Невероятное выжженное небо.
Ближе к зениту оно отливало перекаленной сталью.
Это небо видело римлян и даков, оно видело когорты Александа
Македонского, и много еще чего. Об этом и пел Веселин - язычник. Будь
костер, Веселин, наверное, прошелся бы босиком по углям.
А, ерунда!..
Будь у Веселина возможность, он просто обхватил бы мощными языческими
руками древо эволюции и без стеснения обтряс бы с него все груши, как это
уже не раз проделывал Тот, Кто Всегда Над Нами.
7. МАГИЧЕСКИЙ КРИСТАЛЛ
Конечно, Шурик (я имею в виду частного сыщика) вобрал в себя все
лучшие черты язычника Веселина Соколова. Жаль, сам Веселин об этом не
знает. А вот Люха наоборот - набрался от всех понемножку, часто отнюдь не
лучшего. Не случайно в Домжуре кто-то с восхищением отозвался о Люхе - вот
фрукт! вечно в депрессии.
Раз уж я упомянул Виктора Петровича Астафьева, вот одна из его
бесчисленных историй, рассказанных сентябрьскими вечерами 1972 года на
борту теплохода, спускавшегося вниз по Оби.
Несколько пригорюнясь, как это умеет делать только он, Виктор
Петрович рассказал о своей первой поездке за границу, причем в ГДР. До
этого Виктор Петрович никуда не ездил. Как он сам пояснил, стеснялся. Вот
приеду, говорил он, косясь на замерших слушателей, а там что-то говорить
надо. Или, еще хуже, спущусь в какой-нибудь ресторан, а за столиком сидит
немец. Ну, как я. Глаз косит, ключица выбита. И не дай Бог, на Днепре...

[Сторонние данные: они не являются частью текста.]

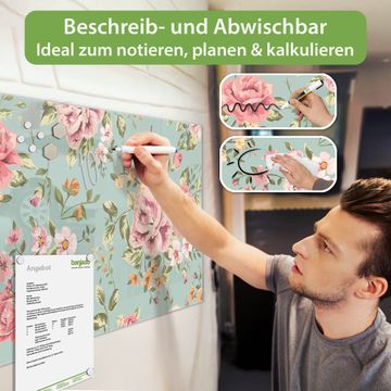 Die banjado Glas Magnettafel mit dem Motiv Motiv Altrosa Blume verbindet Funktionalität mit Stil. Sie ersetzt das Zettelchaos durch klare Strukturen und bringt dabei eine warme, natürliche Atmosphäre in Ihr Zuhause. Ob im Büro, in der Küche oder im Eingangsbereich - dieses Design-Board zieht Blicke an und sorgt für Ordnung mit Charakter.

Тем не менее, Виктора Петровича уговорили. Руководителем писательской
группы назначили В.Ардаматского. Как только поезд пересек государственную
границу и миновал Бялу Подляску, В.Ардаматский превратился в классика
советской литературы и начал командовать: "Витька, за водкой! Витька, за
закусью!"
Короче, когда поезд пришел в Берлин, Ардаматского и Астафьева
поселили в разных отелях. С горя Виктор Петрович спустился со своего этажа
в бар, заказал стаканчик шнапса, сделал глоток, поднял огорченные глаза и
замер. Перед ним, прямо как в его собственных жалобах, сидел немец. Один
глаз у него косил, ключица была выбита и, вполне возможно, именно на
Днепре. Немец тоже глянул на Астафьева, как глядят в зеркало. Отражение
ему не понравилось. Чтобы чем-то занять себя, немец потянулся вилкой к
последней горошине, оставшейся в его тарелке из-под салата, подцепил ее и
понес ко рту.
Промасленная горошина упала.
Немец снова подцепил горошину, понес ее ко рту и снова не удержал на
вилке. Это почему-то несколько успокоило, даже обрадовало Виктора
Петровича. Вот били мы вас и всегда будем бить, несколько даже заносчиво
подумал он, имея в виду скорее не немцев, а некоторых лжеклассиков
советской литературы.
Немец понес горошину ко рту, она упала.
Немец вилкой подцепил горошину, она снова упала.
И так несколько раз.
Настроение Виктора Петровича сильно улучшилось. Он выпил еще один
стаканчик шнапса и окончательно утвердился в той мысли, что били мы вас и
бить будем.
А немец меж тем сделал огромный глоток пива из такой же огромной
кружки, настороженно покосился на Астафьева, взял в левую руку нож, прижал
ножом к вилке злосчастную горошину и сьел ее.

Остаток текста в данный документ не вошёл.